На другой день мы побывали на Северной, там, где стояла когда-то легендарная зенитная батарея Пьянзина. Дошли до Константиновского равелина.

Севастопольцы — наши отцы и старшие братья — стояли здесь насмерть, умирали вот на этих самых камнях, но не помышляли о сдаче врагу. Об этом напоминал небольшой обелиск. Рядом лежала плита с изображенным на ней якорем — памятник матросам-героям.

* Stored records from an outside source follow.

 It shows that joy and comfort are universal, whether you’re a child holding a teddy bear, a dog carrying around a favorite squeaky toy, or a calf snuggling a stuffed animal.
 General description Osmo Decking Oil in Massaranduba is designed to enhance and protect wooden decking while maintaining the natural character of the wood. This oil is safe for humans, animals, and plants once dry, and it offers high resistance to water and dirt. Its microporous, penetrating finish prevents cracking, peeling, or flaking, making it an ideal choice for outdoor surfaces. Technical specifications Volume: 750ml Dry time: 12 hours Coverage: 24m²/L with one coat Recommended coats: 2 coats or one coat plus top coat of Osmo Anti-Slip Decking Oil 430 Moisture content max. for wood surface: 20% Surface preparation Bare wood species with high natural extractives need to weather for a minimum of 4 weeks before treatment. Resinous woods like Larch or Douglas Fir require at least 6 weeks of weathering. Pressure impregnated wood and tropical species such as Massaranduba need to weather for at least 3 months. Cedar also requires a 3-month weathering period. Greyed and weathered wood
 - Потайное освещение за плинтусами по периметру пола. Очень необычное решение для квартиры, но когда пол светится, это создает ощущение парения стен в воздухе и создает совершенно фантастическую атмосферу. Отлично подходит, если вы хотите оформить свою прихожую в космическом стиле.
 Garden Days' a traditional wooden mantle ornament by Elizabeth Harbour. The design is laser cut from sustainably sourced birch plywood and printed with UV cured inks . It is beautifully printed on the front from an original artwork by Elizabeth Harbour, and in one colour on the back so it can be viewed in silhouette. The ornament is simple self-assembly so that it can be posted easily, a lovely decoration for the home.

— Ты знаешь, как это было, Кит? — спросил Фрол. — На Северной стороне в наших руках остался один равелин. И все же моряки отбивали атаки врага. Тогда гитлеровцы подтянули артиллерию, танки, принялись бомбить осажденных с воздуха. Комиссар сказал защитникам равелина: «Товарищ Сталин поставил севастопольцев в пример всей Красной Армии. Так будем драться по-севастопольски!» И они назвали свой равелин «маленьким Севастополем». Только на четвертую ночь, по приказу командования, они бросились в воду и переправились вплавь через бухту…

Командир корабля покидает корабль последним. Морская крепость — тот же корабль. Комиссар Кулиннч оставался в пустом, разрушенном равелине и отбивался до последнего патрона…

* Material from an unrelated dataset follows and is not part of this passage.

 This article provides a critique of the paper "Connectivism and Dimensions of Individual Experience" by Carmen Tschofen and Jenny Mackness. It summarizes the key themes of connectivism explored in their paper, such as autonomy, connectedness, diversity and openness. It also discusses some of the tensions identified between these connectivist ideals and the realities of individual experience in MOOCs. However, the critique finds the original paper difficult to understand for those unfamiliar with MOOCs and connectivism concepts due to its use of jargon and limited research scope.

— Какое надо сердце иметь! — сказал Фрол. — Флотское…

— Большевистское, Фрол…

— Ну, я про то и говорю!

Переправившись на катере в город, мы встретили на пристани чернобородого моряка в белом кителе.

— Поприкашвили! — шепнул мне Фрол.

Это был знаменитый подводник, отец Илюши. Навряд ли он узнал нас: прошло четыре года с тех пор, как мы, нахимовцы, побывали в гостях на его легендарной «щуке». Но он остановил нас, стал расспрашивать об училище и о сыне и вспомнил о нашем «подводном крещении».

— Я еду на днях в Зестафони, — сообщил он на прощанье. — Там встречусь с Илюшей. А вы на катерах проводите отпуск? У Рындина? Ну, желаю успехов.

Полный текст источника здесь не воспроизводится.